BEGIN Source data
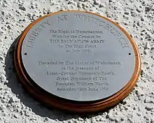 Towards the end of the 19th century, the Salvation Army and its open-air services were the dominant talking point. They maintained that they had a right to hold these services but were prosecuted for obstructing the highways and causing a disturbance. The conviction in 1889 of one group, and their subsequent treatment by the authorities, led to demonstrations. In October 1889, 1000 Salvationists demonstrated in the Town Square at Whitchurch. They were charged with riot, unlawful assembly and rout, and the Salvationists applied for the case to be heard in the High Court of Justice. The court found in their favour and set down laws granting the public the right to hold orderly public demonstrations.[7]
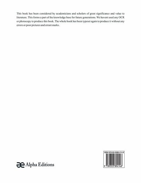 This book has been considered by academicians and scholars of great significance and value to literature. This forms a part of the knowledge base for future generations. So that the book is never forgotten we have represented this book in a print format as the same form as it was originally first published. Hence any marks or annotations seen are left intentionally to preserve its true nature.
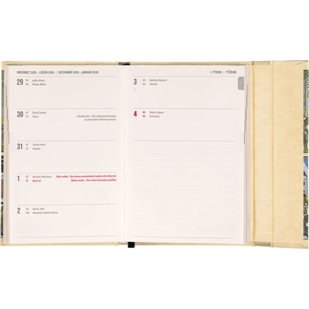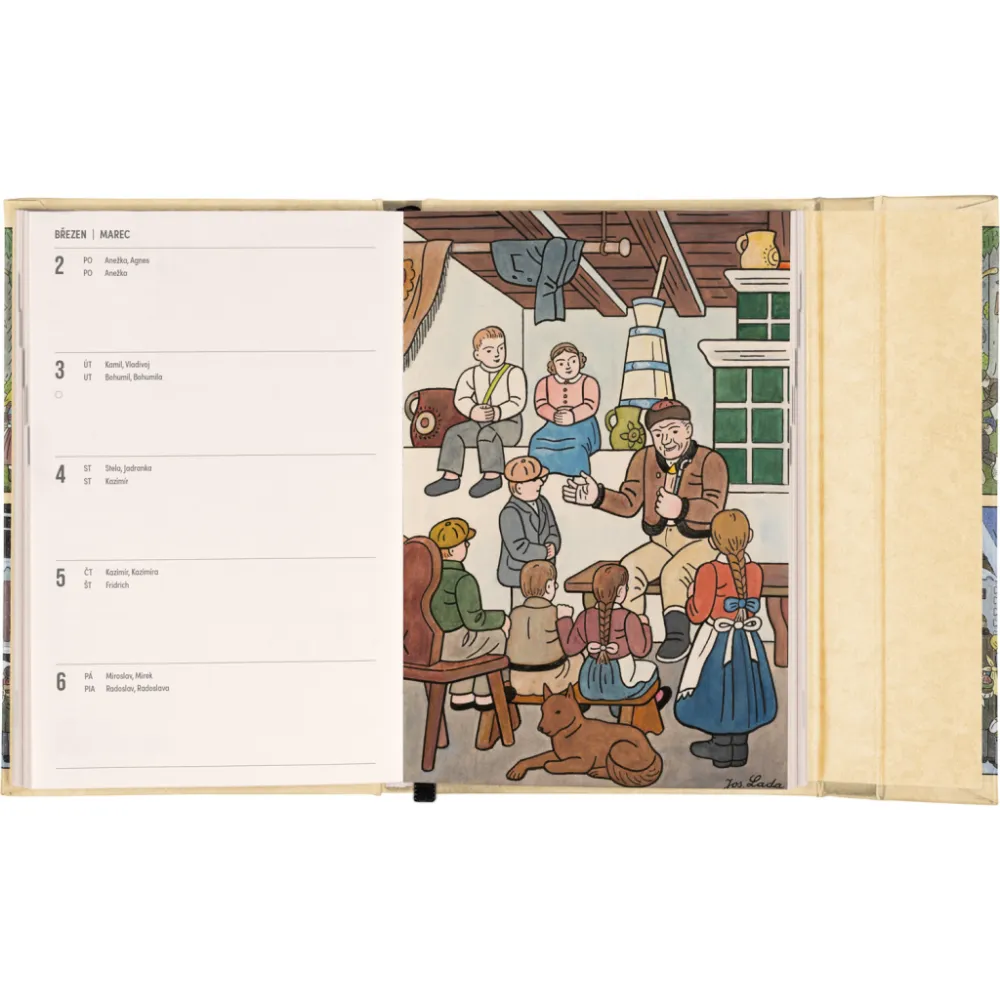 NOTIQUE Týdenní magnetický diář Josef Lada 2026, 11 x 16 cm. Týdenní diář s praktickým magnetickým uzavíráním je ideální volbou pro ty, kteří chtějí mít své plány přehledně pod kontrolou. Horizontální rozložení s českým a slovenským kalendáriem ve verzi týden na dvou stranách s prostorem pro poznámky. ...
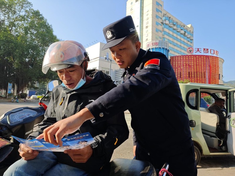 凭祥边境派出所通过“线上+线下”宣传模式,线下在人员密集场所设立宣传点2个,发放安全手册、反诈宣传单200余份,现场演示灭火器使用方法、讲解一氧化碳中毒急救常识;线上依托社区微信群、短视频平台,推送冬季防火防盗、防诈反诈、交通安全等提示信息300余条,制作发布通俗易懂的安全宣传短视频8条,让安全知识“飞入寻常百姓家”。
END Source data
BEGIN Source data
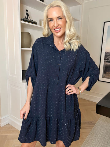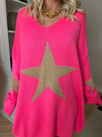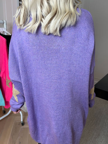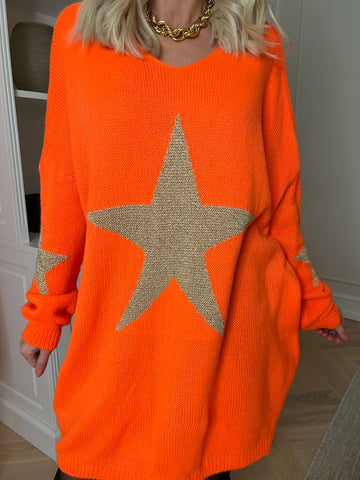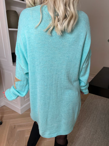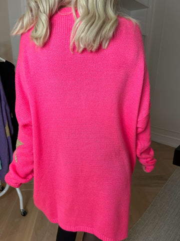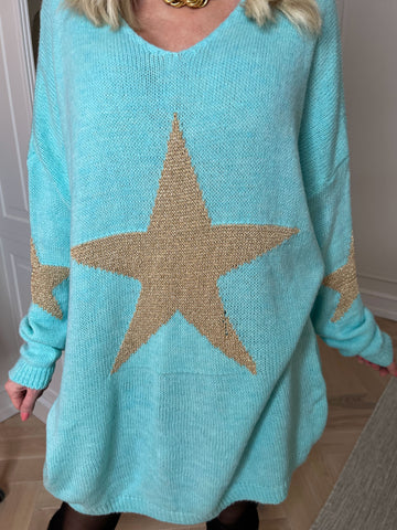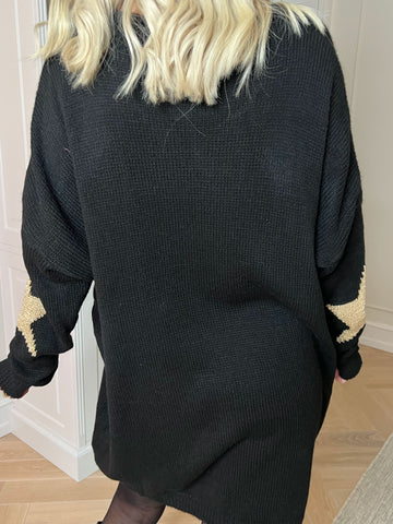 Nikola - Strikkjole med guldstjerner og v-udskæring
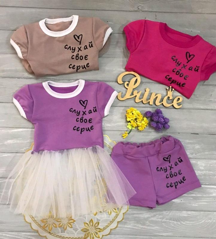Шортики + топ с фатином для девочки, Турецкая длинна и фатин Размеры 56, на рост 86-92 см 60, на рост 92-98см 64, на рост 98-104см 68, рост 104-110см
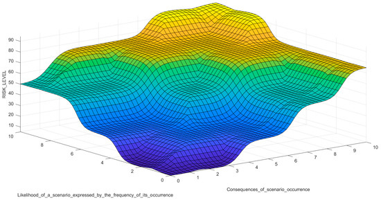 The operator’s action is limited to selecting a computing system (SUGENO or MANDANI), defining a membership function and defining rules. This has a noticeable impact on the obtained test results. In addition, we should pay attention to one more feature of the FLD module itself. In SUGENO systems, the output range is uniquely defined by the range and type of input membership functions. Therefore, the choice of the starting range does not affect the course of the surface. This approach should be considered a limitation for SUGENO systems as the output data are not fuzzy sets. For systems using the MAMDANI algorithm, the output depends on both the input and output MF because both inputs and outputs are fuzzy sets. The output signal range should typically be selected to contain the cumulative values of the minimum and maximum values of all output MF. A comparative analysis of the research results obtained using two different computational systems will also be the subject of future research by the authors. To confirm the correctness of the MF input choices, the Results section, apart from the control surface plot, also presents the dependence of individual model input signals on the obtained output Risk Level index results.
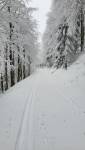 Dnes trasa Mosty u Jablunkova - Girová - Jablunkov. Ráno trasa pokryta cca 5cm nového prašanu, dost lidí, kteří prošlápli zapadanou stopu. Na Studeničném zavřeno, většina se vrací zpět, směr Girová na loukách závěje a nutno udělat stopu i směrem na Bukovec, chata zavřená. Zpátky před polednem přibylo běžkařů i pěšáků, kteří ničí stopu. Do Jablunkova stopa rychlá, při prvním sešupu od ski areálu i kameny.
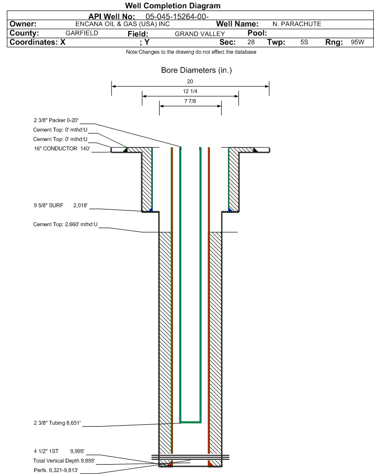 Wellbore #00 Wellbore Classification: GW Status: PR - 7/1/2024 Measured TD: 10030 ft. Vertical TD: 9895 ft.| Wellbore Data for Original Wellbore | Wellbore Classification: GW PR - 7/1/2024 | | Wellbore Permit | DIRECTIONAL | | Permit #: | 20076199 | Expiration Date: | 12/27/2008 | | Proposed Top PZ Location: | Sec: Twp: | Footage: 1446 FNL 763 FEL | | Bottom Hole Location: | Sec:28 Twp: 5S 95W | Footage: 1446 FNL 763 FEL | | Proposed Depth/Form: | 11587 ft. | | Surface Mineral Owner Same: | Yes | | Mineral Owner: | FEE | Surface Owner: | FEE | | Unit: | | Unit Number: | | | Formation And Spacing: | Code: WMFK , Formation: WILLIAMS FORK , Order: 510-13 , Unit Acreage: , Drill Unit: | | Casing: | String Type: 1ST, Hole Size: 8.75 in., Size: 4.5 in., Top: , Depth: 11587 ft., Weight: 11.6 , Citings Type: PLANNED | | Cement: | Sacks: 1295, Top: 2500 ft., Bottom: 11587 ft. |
END Source data
Task to complete.
Exercise for the records above: copy only the lines from the one with "The operator’s action" to the one with "Dnes trasa Mosty", both ends kept, and drop the pictures.

Answer to this exercise.
 The operator’s action is limited to selecting a computing system (SUGENO or MANDANI), defining a membership function and defining rules. This has a noticeable impact on the obtained test results. In addition, we should pay attention to one more feature of the FLD module itself. In SUGENO systems, the output range is uniquely defined by the range and type of input membership functions. Therefore, the choice of the starting range does not affect the course of the surface. This approach should be considered a limitation for SUGENO systems as the output data are not fuzzy sets. For systems using the MAMDANI algorithm, the output depends on both the input and output MF because both inputs and outputs are fuzzy sets. The output signal range should typically be selected to contain the cumulative values of the minimum and maximum values of all output MF. A comparative analysis of the research results obtained using two different computational systems will also be the subject of future research by the authors. To confirm the correctness of the MF input choices, the Results section, apart from the control surface plot, also presents the dependence of individual model input signals on the obtained output Risk Level index results.
 Dnes trasa Mosty u Jablunkova - Girová - Jablunkov. Ráno trasa pokryta cca 5cm nového prašanu, dost lidí, kteří prošlápli zapadanou stopu. Na Studeničném zavřeno, většina se vrací zpět, směr Girová na loukách závěje a nutno udělat stopu i směrem na Bukovec, chata zavřená. Zpátky před polednem přibylo běžkařů i pěšáků, kteří ničí stopu. Do Jablunkova stopa rychlá, při prvním sešupu od ski areálu i kameny.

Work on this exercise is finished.